# lost password in os 9.2



## xhrubes (Jan 17, 2006)

Hi,

I have a problem with accessing my computer. I blocked existing user account, but I don't know the password. I still have not DVD-Rom and CD with Mac OS, so I can boot any system. I need bridge user account or change user password for it.

One thing is. I am trying access computer from open firmware, but I don't know how can I delete files from HDD through it.


----------



## Cheryl (Jan 29, 2006)

Assuming it is a Multiple Users password, boot to any CD suitable for that machine (it does not have to be an install CD). Go into the Preferences folder in the System Folder on the hard drive, locate the file named Multi-User Prefs and throw that file away. Then do a normal restart. 

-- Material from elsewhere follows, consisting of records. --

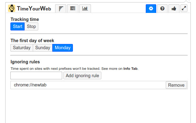 3) 定义不会被跟踪的 URL。 TimeYourWeb 检查每个 URL 是否与“忽略规则”对应。如果 URL 开始和“忽略规则”相等,则 URL 将被忽略。
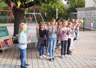 Bei unserer kleinen Einschulungsfeier hörten die Kinder die Geschichte vom ängstlichen Jakob. Dieser bekam von seinem Patenonkel eine „Käppi“ geschenkt, die ihn immer daran erinnern soll, dass Gott ihn behütet.
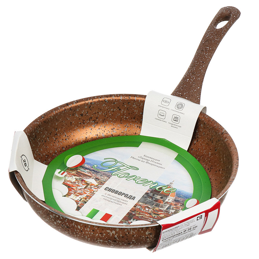 Сковорода VARI "Города Италии" 28 см коричневый гранит, с антипригарным покрытием из безопасного пищевого алюминия и жаропрочной бакелитовой ручкой , можно мыть в посудомоечной машине
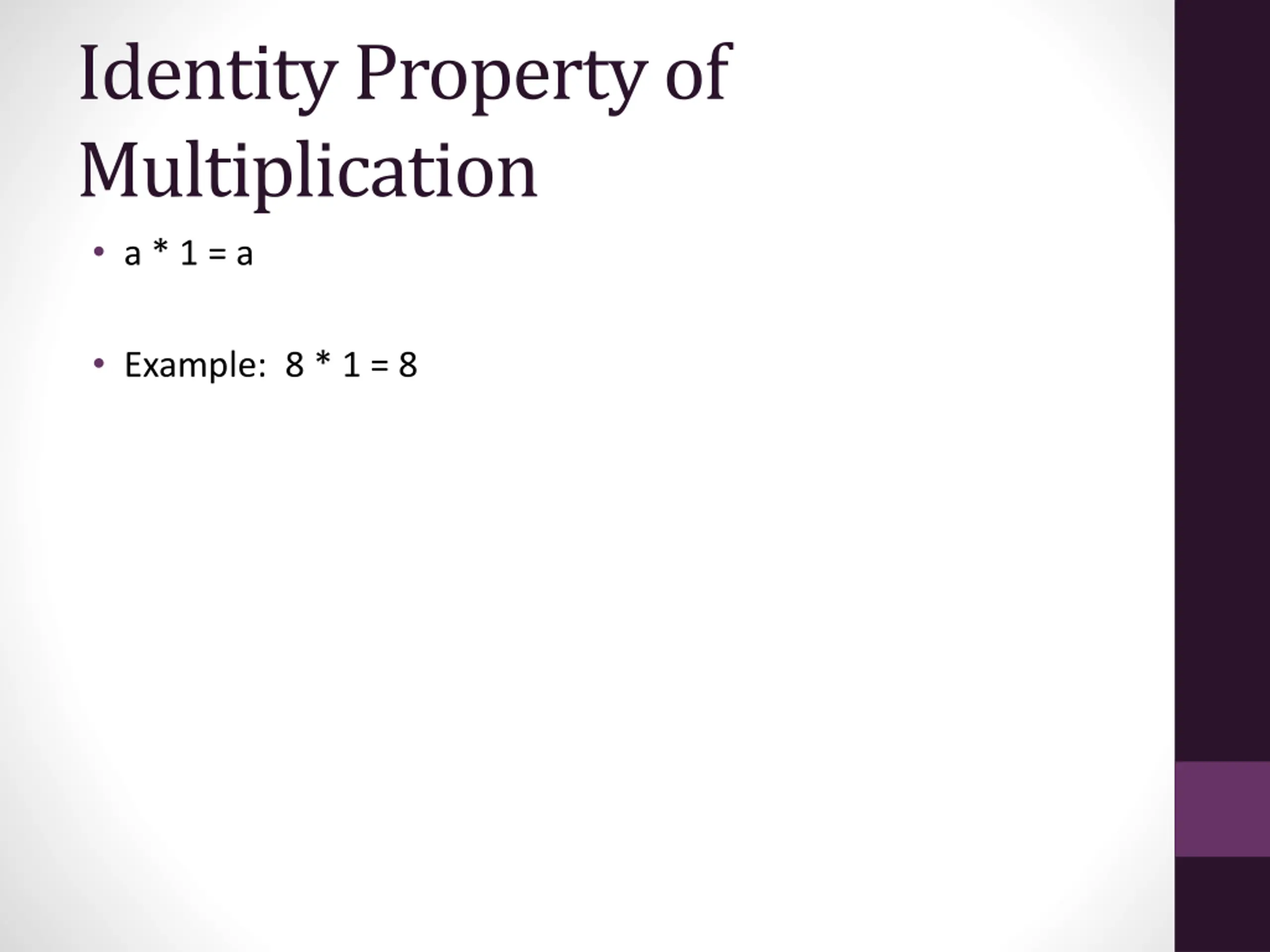 Identity Property of Multiplication a * 1 = a Example: 8 * 1 = 8
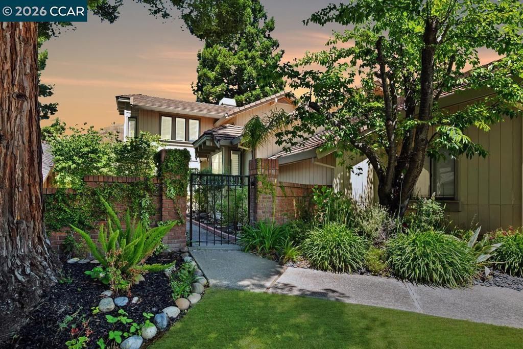 Updated Blackhawk Country Club home. 18th tee/hillside views. Prestigious cul-de-sac steps from Lakeside Golf Course & clubhouse. Gated ctyd garden entry. 2811+/-light-filled SF. Open design. 3 bds, 3 updated bths. Spacious loft offers potential for bonus/game rm, home office. New int paint. Soaring vaulted ceilings, plantation shutters, recessed lighting, automated blinds, skylights, multiple sliders to bkyd. Formal living rm w/gas frpl, crown molding. Formal dining area. Fabulous chefs kitchen. Granite counters, bksplsh, island/brkfst bar, custom cabinetry, reed glass upper cabinets. Stainless appls: Wolf range w/dual ovens, six gas burners, griddle, SubZero frig, Bosch dw, microwave. Nearby buffet w/wine frig. Walk-in pantry. Adj family rm w/frp. Casual dining area w/view bay window, bkyd access. Primary suite on upper level. Sitting rm area, slider to Juliet balcony, carpet, walk-in closet rm. En suite w/travertine tile finishes. Dual vanities, large soaking tub, shwr behind sliding glass drs. 2 main-level bdrms inclds 1 w/en suite & slider to pvt atrium. Pvt bkyd. Pool, spa, paver patios, bordering garden bds. 2+ car garage, workbench. Near golf, clubhouses, tennis/pickleball cts, fitness ctr, Sports Complex. Near Blackhawk Plaza, downtown, top-rated SRVUSD schls, freeways.

You may be able to accomplish the same access by starting with Extensions Off - boot, immediately hold down the Shift key, keep it held down until you get the Extensions Off message. 


Give it a try - but you still should have an OS 9 full install CD!


----------



## giogioforums (Feb 26, 2008)

Thank You Cheryl it worked.
In my case I didn't have a cd and Shift held did not work so
I used MAcDisk program installed on a PC and installed the Mac hard drive in it.
With MacDisk from the PC I could look recover or delete any file I wanted!!!
It worked perfectly!!
G


----------